When a port joins a bridge, dsa_slave_changeupper() will call
dsa_port_bridge_join(). This will dive a bit into DSA internals but will
finally return -EOPNOTSUPP because ds->ops->port_bridge_join is NULL.
This triggers the error path of dsa_broadcast(DSA_NOTIFIER_BRIDGE_JOIN)
which sets back dp->bridge_dev to NULL. The port should behave as
standalone.

Now I just went through the whole code path and this does not happen for
plain bridging: in lack of a ds->ops->port_bridge_join method, DSA is
still happy to return zero, although I don't understand why - I recall
writing a patch specifically for that. Anyway. I just rewrote it and
posted it to the list.

I can understand why a lot of things didn't make sense for you. I thought
we were on the same page about what is happening, but we weren't.
Perhaps I could rephrase my question as follows: If
the switch driver behaves properly (i.e. does not strip or tag frames)
despite the switch being VLAN-aware, is it a problem?

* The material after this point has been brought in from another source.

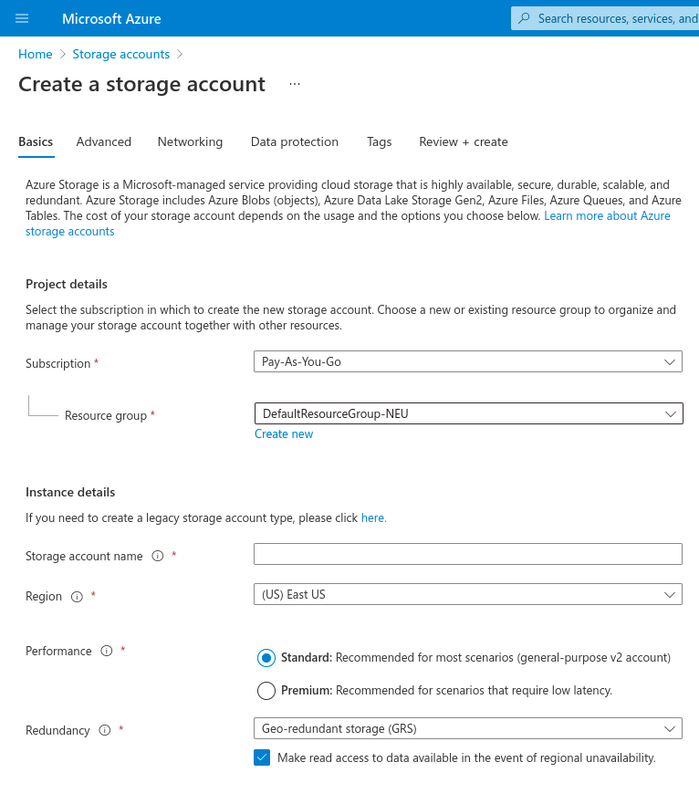 The important fields here are performance and Redundancy. Most applications should use Standard as this provides very reliable and quick read and write speeds. Premium is for very specific needs that you would most likely know about when setting up your application. Redundancy is what happens to your data should there be an incident at the region where you set up your storage account. This selection defines what the failover process should be. Geo-redundant storage (GRS) is the most common and best choice here.

(We can of course argue whether the switch is behaving correctly with my
driver, but the question assumes that it is.)

The VLAN code will be of use when implementing bridge offload, so I'm
seeking some advice from you with regards to the process. I can remove
all the VLAN stuff and resubmit the driver such that the switch behaves
in a completely VLAN-unaware fashion, but that will require some
backtracking and the work will have to be done again if any offloading
is to be implemented. So if we can agree that it doesn't cause any harm,
I would think that it's OK to keep it in.
With DSA now doing the right thing with the patch I just sent, I hope it is
now clearer why having VLAN ops does not make sense if you don't offload
the bridge. They were not supposed to be called.
quoted
My best guess is: you have a problem with transmitting VLAN-tagged
packets on a port, even if that port doesn't offload the bridge
forwarding process. You keep transmitting the packet to the switch as
VLAN-tagged and the switch keeps stripping the tag. You need the VLAN
ops to configure the VLAN 2 as egress-tagged on the port, so the switch
will leave it alone.
It all has to do with the KEEP bit from the xmit DSA header. The switch
has VLAN ingress filtering disabled but is not VLAN-unaware. A standalone
port (one which does not offload a Linux bridge) is expected to be
completely VLAN-unaware and not inject or strip any VLAN header from any
packet, at least not in any user-visible manner. It should behave just
like any other network interface. Packet in, packet out, and the skb
that the network stack sees, after stripping the DSA tag, should look
like the packet that was on the wire (and similarly in the reverse direction).
I am actually enabling VLAN ingress filtering. And I don't have a
problem transmitting VLAN 2-tagged packets on swp3 in my example.
Whether or not the driver is following the best practices - I'm not
sure. Following on from above: is the best practice to make the switch
completely VLAN-unaware if I am submitting a driver which does not
support any bridge offloading?
VLAN unaware, no ingress filtering, no address learning, all ports
forward to the CPU port and only to the CPU port.